Start of RECORDS TO USE
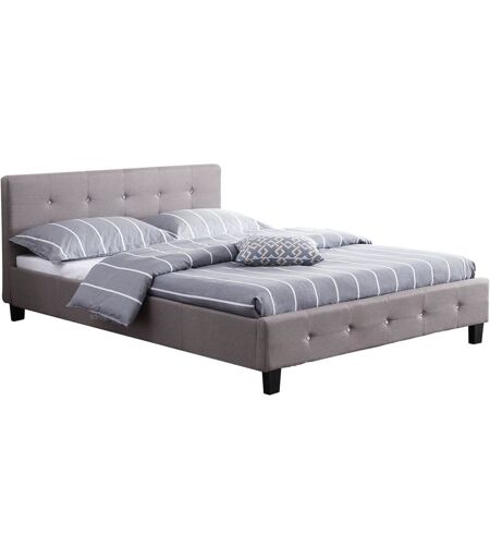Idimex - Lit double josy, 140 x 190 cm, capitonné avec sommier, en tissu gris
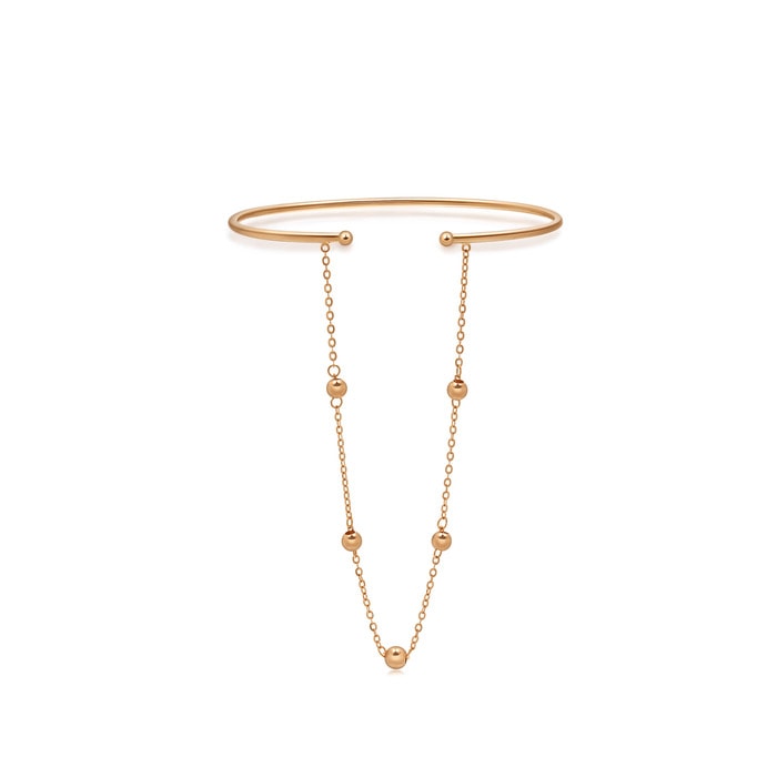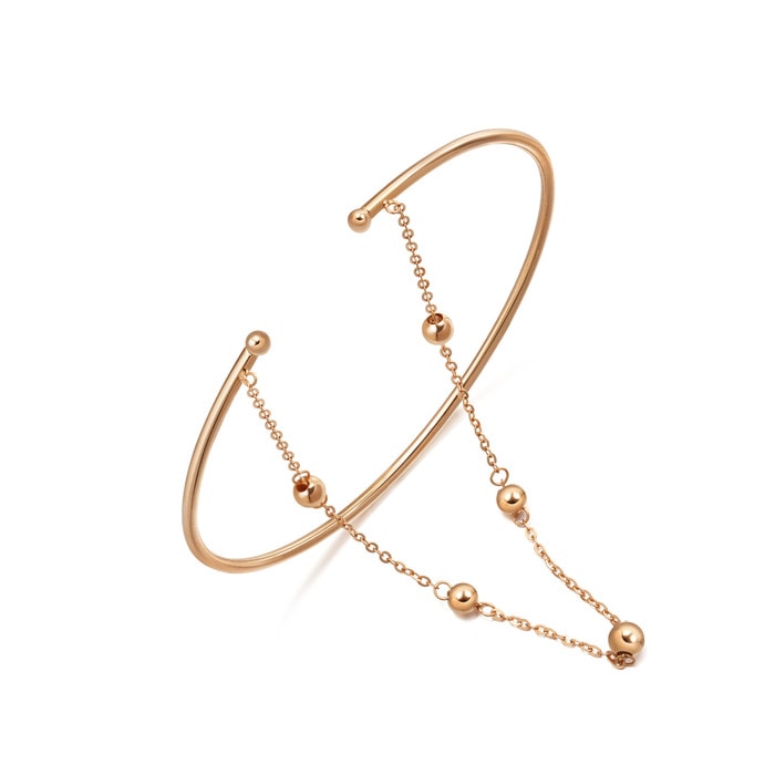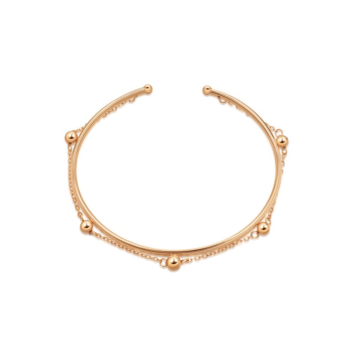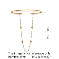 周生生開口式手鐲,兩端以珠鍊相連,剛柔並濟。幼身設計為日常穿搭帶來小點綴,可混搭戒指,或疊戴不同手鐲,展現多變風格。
End of RECORDS TO USE
Start of RECORDS TO USE
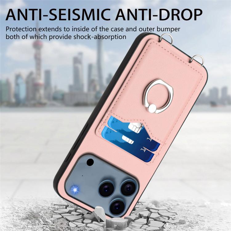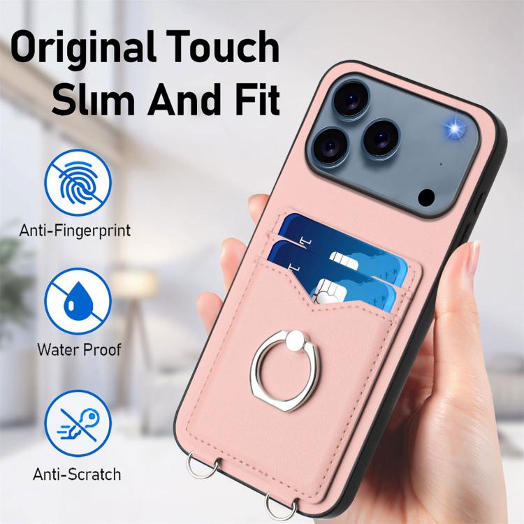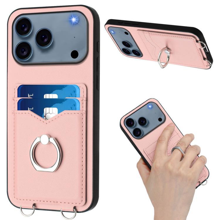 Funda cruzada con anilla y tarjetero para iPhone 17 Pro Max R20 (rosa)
End of RECORDS TO USE
Start of RECORDS TO USE
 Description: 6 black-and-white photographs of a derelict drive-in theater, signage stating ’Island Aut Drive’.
End of RECORDS TO USE
PROBLEM DESCRIPTION — Transcribe only the lines above that start at the line containing "Idimex - Lit" and end at the line containing "周生生開口式手鐲,兩端以珠鍊". Omit pictures.

OUTPUT FOR THIS EXERCISE —
Idimex - Lit double josy, 140 x 190 cm, capitonné avec sommier, en tissu gris
 周生生開口式手鐲,兩端以珠鍊相連,剛柔並濟。幼身設計為日常穿搭帶來小點綴,可混搭戒指,或疊戴不同手鐲,展現多變風格。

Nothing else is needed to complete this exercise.